The trailer passed through the first US Border Patrol checkpoint in Encinal, a small town in Texas 35 miles (56 kilometers) from the border of the Mexican state of Tamaulipas. Security cameras captured the driver, who was wearing a black cap and striped shirt. It is the last image of the trailer before it was found abandoned in San Antonio, with dozens of dead migrants inside. The driver went through another checkpoint in the city of Cotulla, just 31 miles (50 kilometers) from Encinal. The vehicle was then abandoned next to train tracks that run parallel to the highway. It was found by US agents at 6.20 pm on Monday, by which point 47 migrants had already died due to overcrowding, suffocation and dehydration.

San Antonio Police Chief William McManus confirmed on Wednesday that the driver of the trailer was one of the three men arrested. The man, identified as Homero N (his last name has not been made public while the investigation remains open), tried to flee on foot after abandoning the migrants and posed as one of the survivors, according to Mexican and US authorities. The other two suspects were arrested in a home in San Antonio, where the trailer was registered. Both are of Mexican nationality and in an irregular situation in the US. The two have been arrested for illegally possessing guns. “In the records of the National Migration Institute, no data was found on the person accused of driving the trailer. The United States Immigration and Customs Enforcement Service [ICE] reported that the three people have been detained for alleged human trafficking and homicide,” Garduño said. Authorities are still trying to establish the trailer’s point of origin and if crimes were committed on the journey to central Texas.

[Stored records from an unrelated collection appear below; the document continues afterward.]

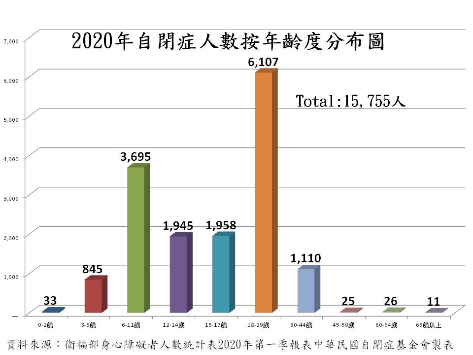 2020年第一季身心障礙總人數為1,186,325人。 自閉症人數15,755人佔身障人數1.3%,確診自閉症的人口年齡分布以學齡人口跟青年人口占了九成。青年部分可以說是10年前確診的孩子已經長大,社會急需看見這群人口的需求。
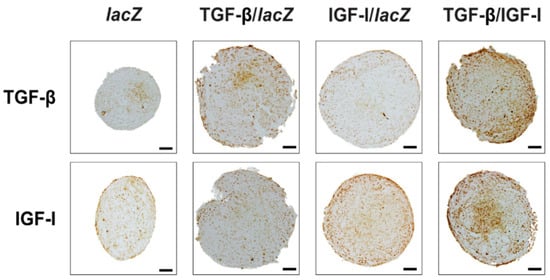 Overall, these results were corroborated by an evaluation of transgene expression over time (21 days) on histological stions from aggregates by immunohistochemistry (Figure 2 and Table 2). Immunoreactivity to TGF-β was more intense in the TGF-β/IGF-I versus lacZ, TGF-β/lacZ, and IGF-I/lacZ aggregates (3.4-, 1.1-, and 3.1-fold difference, respectively, p ≤ 0.030). It was also higher in the TGF-β/lacZ versus lacZ and IGF-I/lacZ aggregates (3.2- and 2.9-fold difference, p ≤ 0.020) while no difference was seen between the IGF-I/lacZ and lacZ aggregates (p = 0.500). Immunoreactivity to IGF-I was more intense in the TGF-β/IGF-I versus lacZ, TGF-β/lacZ, and IGF-I/lacZ aggregates (3.3-, 2.7-, and 1.1-fold difference, respectively, p ≤ 0.050). It was also higher in the IGF-I/lacZ versus lacZ and TGF-β/lacZ aggregates (3- and 2.5-fold difference, respectively, p ≤ 0.050) while no difference was seen between the TGF-β/lacZ and lacZ aggregates (p ≥ 0.050).
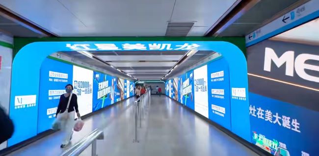 南京地鐵南京站換乘通道墻面廣告多媒體組合視覺統(tǒng)治力,4塊LED屏支持視頻內(nèi)容,在昏暗通道中形成強光效焦點,8塊燈箱沿通道線性分布,構(gòu)建"視覺長廊",3座拱門結(jié)構(gòu)強化區(qū)域過渡感,自然分割不同廣告內(nèi)容板塊。針對1號線轉(zhuǎn)3號線、3號線轉(zhuǎn)1號線雙向客流,多媒體組合確保各方向乘客均能接觸2-3個廣告點位。
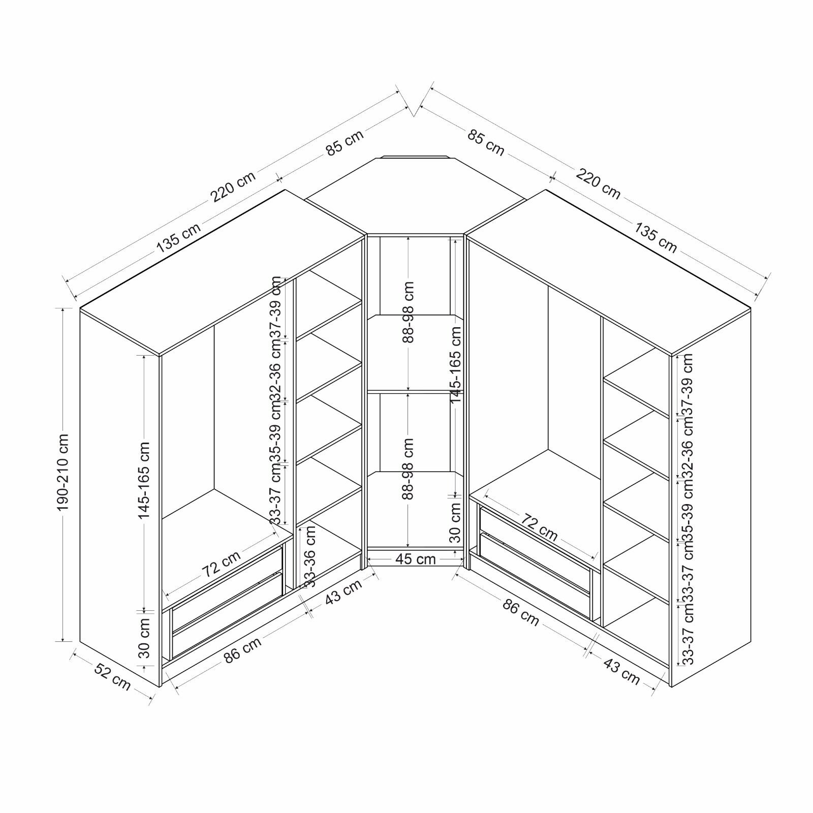 | Dolap Yükseklik | : | 210 cm, 190 cm |

The trailer, a 1995 red Volvo, was registered to a San Antonio company and looked like just another vehicle in their fleet. The owners of the company, Betancourt Trucking and Harvesting, told the local press, however, the trailer had been “cloned” and did not belong to their company. The trailer’s alleged disguise would explain how the driver was able to get past the checkpoints without facing greater scrutiny. A few hours after the trailer was found, Mexican Foreign Secretary Marcelo Ebrard said the US plates had been placed on top of the original ones and were likely fake. Eusebio Salinas, the sheriff of Zavala county, which is located between the Mexican border and San Antonio, said that cloned vehicles were common in the area, with FedEx and UPS delivery drivers complaining of thieves stealing the company’s magnetic logos from their trucks.

Tom Homan, the former director of ICE during the Trump administration, said that in recent years, mafias have increasingly used large trailers to traffic migrants. “For a year I have been warning that such a tragedy was going to happen due to the increase in smuggling via trailers,” he told a local media outlet. Last month, police intercepted a trailer carrying 88 people in Rio Grande Valley, Texas. And in May, two men were arrested near the Texas border for smuggling 124 migrants in a trailer. Last December, 57 migrants died when a packed freight truck flipped over and crashed into a bridge in the Mexican state of Chiapas, near the border with Guatemala.

Border control has been a thorny issue for the Joe Biden administration, with Republicans accusing him of not being tough enough and human rights groups demanding he do more to protect refugees. This division has also marked the response to the Texas tragedy. Texas Governor Greg Abbott and members of the Republican Party have blamed the tragedy on Biden and his so-called “open-door policy.” Migrant advocacy organizations and Democrats, however, have said it is a sign of the lengths that asylum seekers will go to in order to escape the dangers in their home countries. The issue is poised to play a key role in the upcoming midterm elections in November.